The Kremlin is welcoming the renewed praise of Stalin . . .

They say that they are fighting Nazis now in Ukraine, the Great Patriotic War 2.0, as it were. So Stalin being the man who defeated Nazism is a good image for the regime,” said Dr Stephen Hall, an associate professor of Russian politics at Bath University.

Putin praised Stalin as a “great man” in a speech to mark Russian nationhood in 2022 and in 2016 Vladimir Medinsky, then the culture minister but now a presidential adviser, travelled to the Tver region, north of Moscow, for the unveiling of a monument to Stalin.

According to an analysis carried out by the Tochka website, of the 110 monuments to Stalin currently in Russia, 37 were erected after Putin became president on New Year’s Eve 1999.

It is interesting to note how many monuments to Stalin were already standing before Putin took office. It is another reminder that the current direction of the Russian state, repressive at home and a threat to its neighbors, comes from more than the whim of one man.

Kilner:

Tochka said that since Russia’s invasion of Ukraine in February 2022, around half a dozen Stalin monuments have been erected with each new statue “accompanied by a repetition of Z-propaganda”, a reference to the pro-Ukraine invasion narrative pumped out by the Kremlin.

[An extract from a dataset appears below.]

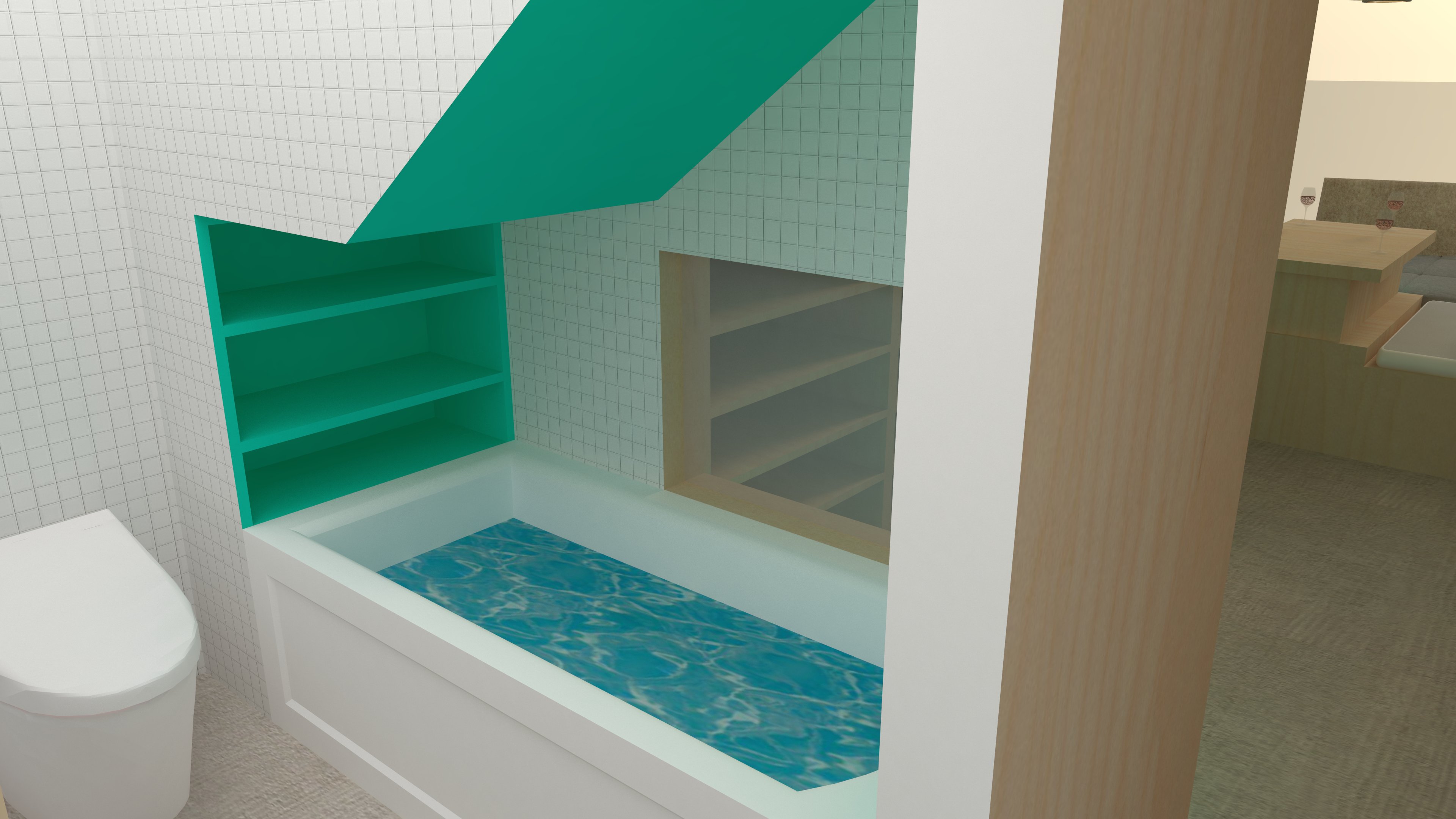 View from window, showing activated eating and gathering area. Table and back of the seats are two parts combined for either one person use or dinner party. Front face of built in structure in same bright color, also having recessed lighting stripes on the edge to emphasize the terrace. View from loft sleeping area, facing the closet, zero bright color within the space provides a visually calm and cozy zone for resting. (L) Including frosted window in bathroom allows natural sunlight come into the space and provides privacy at the same time. (R)

Not only are monuments honoring Stalin being erected, others, commemorating his victims, are coming down.

Kilner:

Activists have accused local authorities of ripping off plaques to victims and destroying 22 monuments.

“The campaign to disappear monuments is going on throughout the country, and, in most cases, the perpetrators of vandalism are not caught, and the police are inactive,” said Alexandra Polivanova, a researcher at the Memorial human rights group.